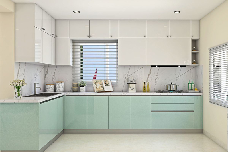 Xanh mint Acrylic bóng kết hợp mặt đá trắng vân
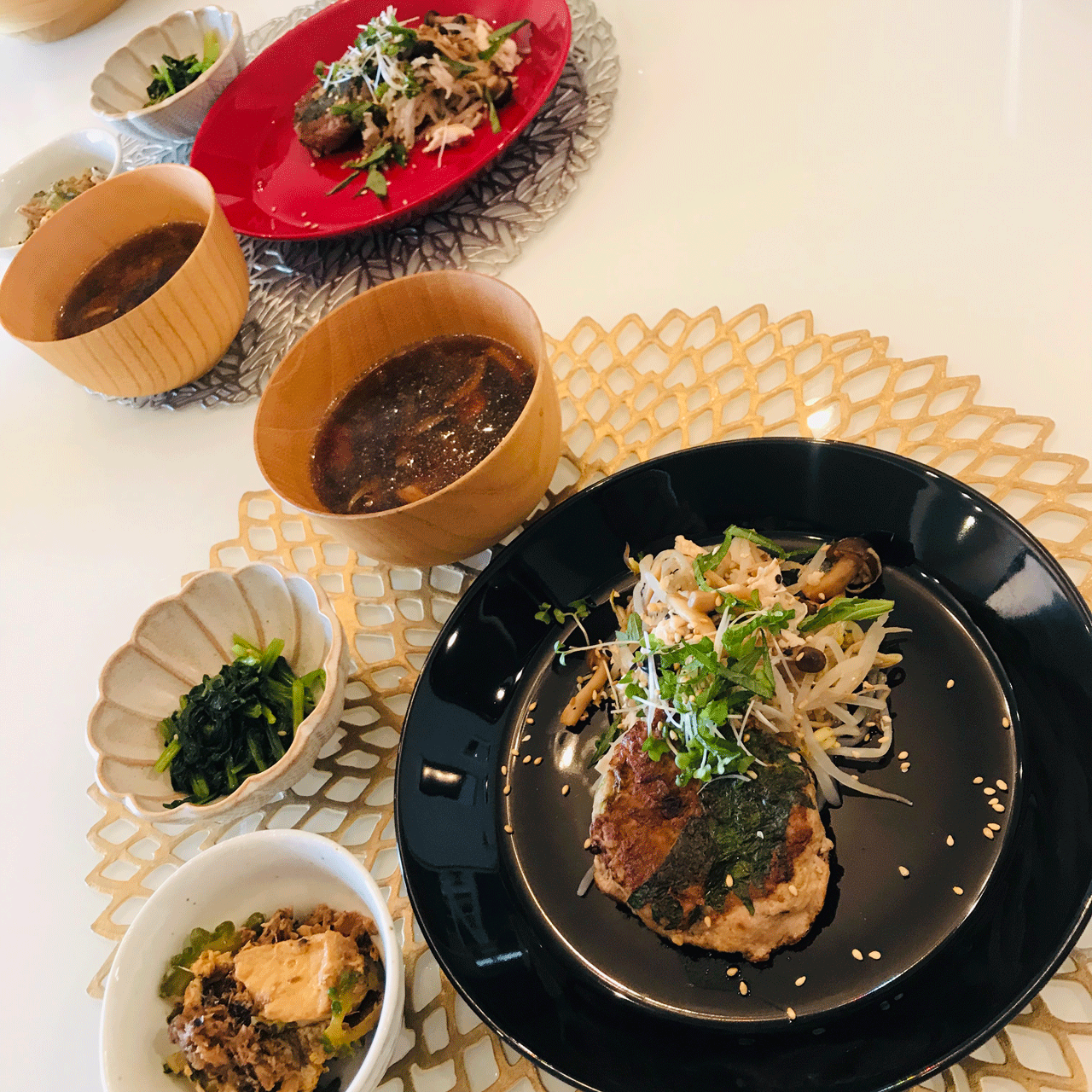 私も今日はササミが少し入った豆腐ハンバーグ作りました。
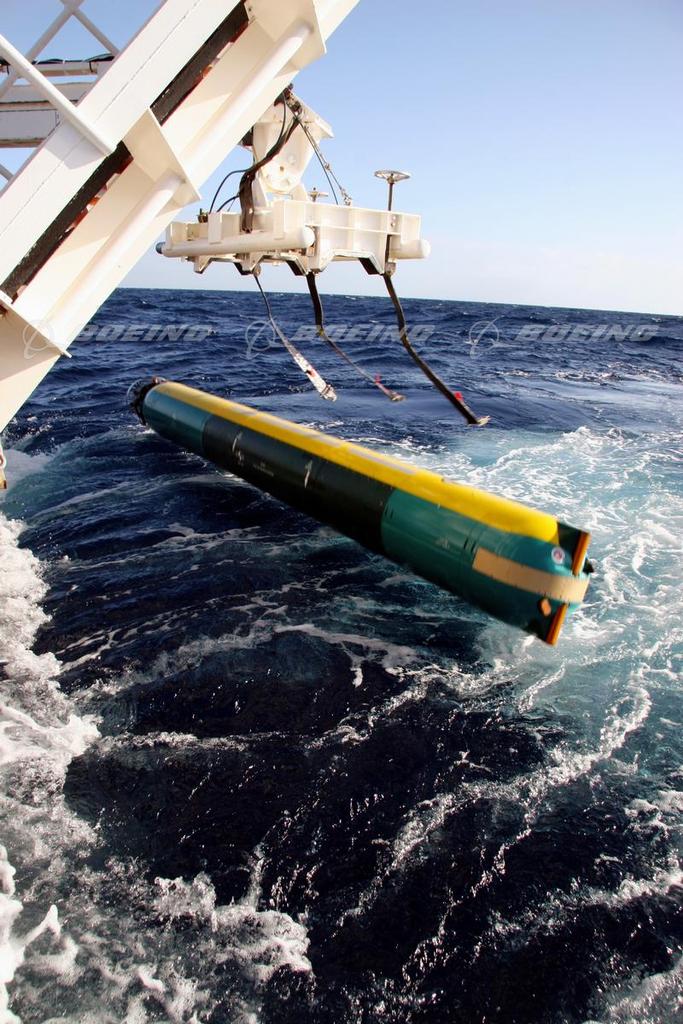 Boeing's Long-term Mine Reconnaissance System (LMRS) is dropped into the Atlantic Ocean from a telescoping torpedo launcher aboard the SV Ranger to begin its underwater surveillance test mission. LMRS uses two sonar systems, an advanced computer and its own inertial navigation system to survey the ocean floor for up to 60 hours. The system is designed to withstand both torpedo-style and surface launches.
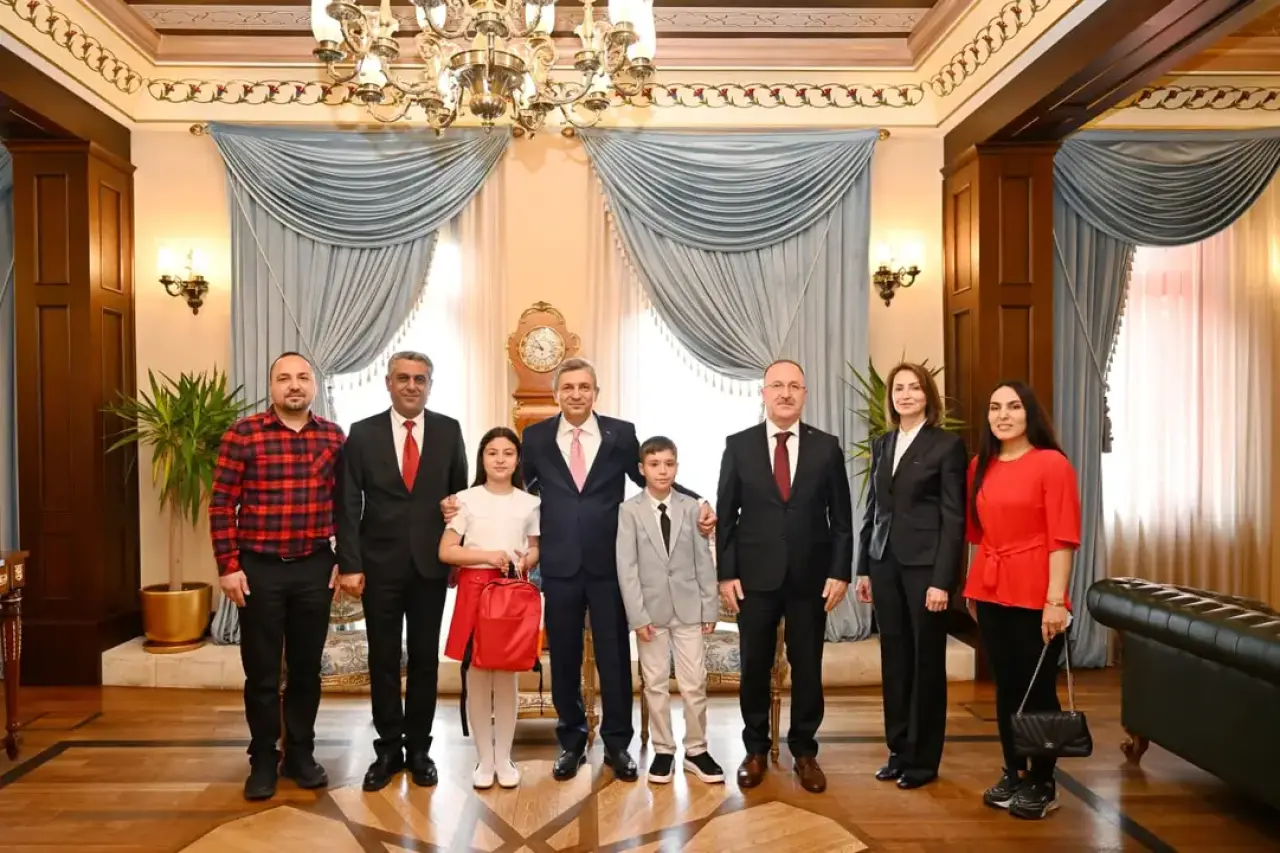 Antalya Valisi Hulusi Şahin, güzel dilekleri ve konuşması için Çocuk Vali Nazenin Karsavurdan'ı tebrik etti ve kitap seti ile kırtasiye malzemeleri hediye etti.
•••
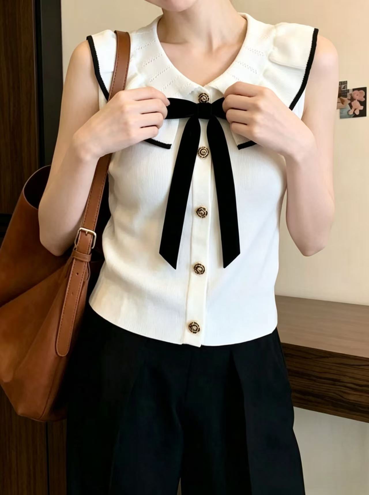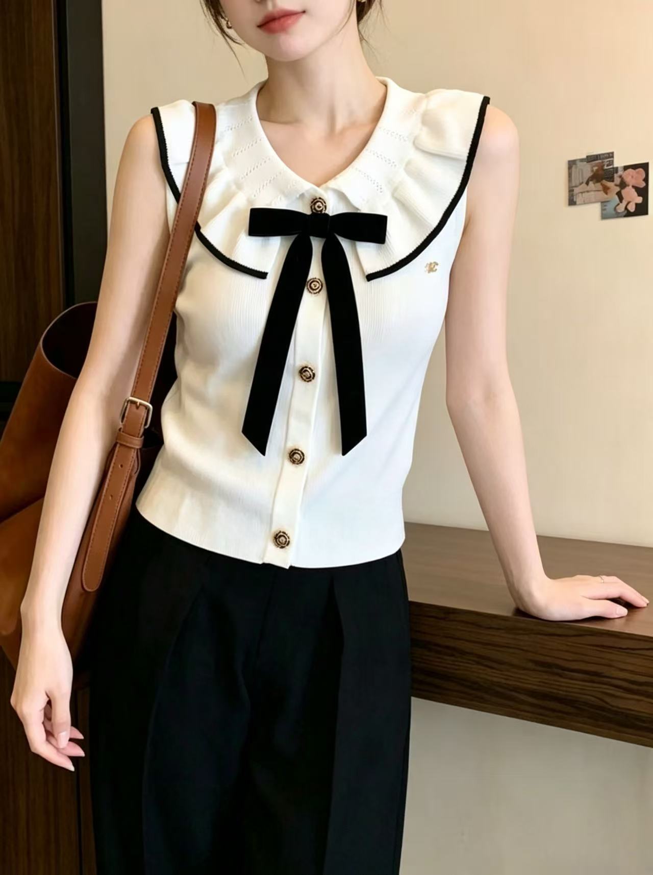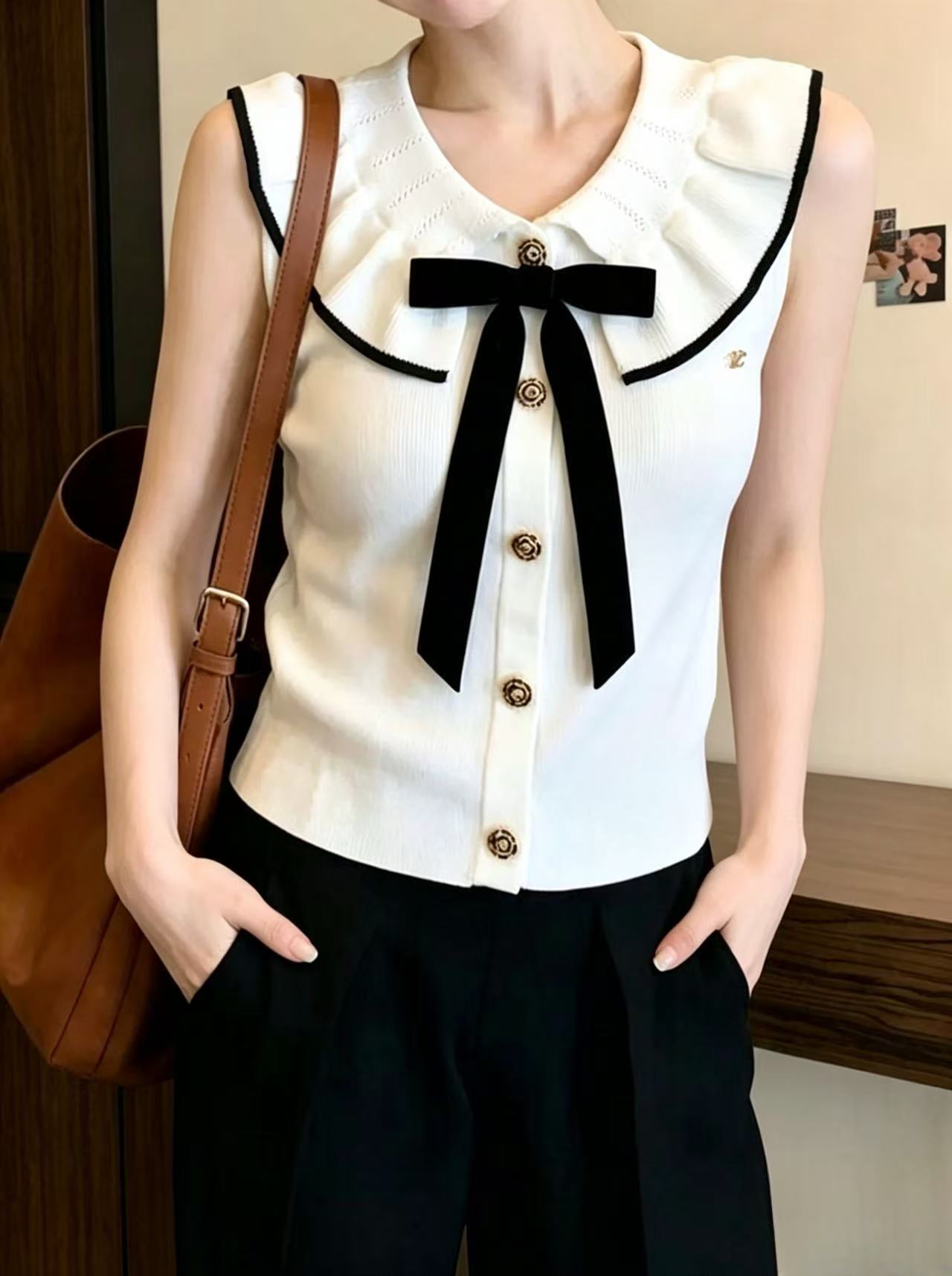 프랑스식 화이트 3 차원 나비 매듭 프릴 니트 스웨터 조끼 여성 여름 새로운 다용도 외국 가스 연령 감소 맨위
•••
THE PROBLEM:
Each line between the one holding "Xanh mint Acrylic" and the one holding "Antalya Valisi Hulusi", inclusive, should be copied exactly as it appears above, and pictures should be omitted.

RESULT:
 Xanh mint Acrylic bóng kết hợp mặt đá trắng vân
 私も今日はササミが少し入った豆腐ハンバーグ作りました。
 Boeing's Long-term Mine Reconnaissance System (LMRS) is dropped into the Atlantic Ocean from a telescoping torpedo launcher aboard the SV Ranger to begin its underwater surveillance test mission. LMRS uses two sonar systems, an advanced computer and its own inertial navigation system to survey the ocean floor for up to 60 hours. The system is designed to withstand both torpedo-style and surface launches.
 Antalya Valisi Hulusi Şahin, güzel dilekleri ve konuşması için Çocuk Vali Nazenin Karsavurdan'ı tebrik etti ve kitap seti ile kırtasiye malzemeleri hediye etti.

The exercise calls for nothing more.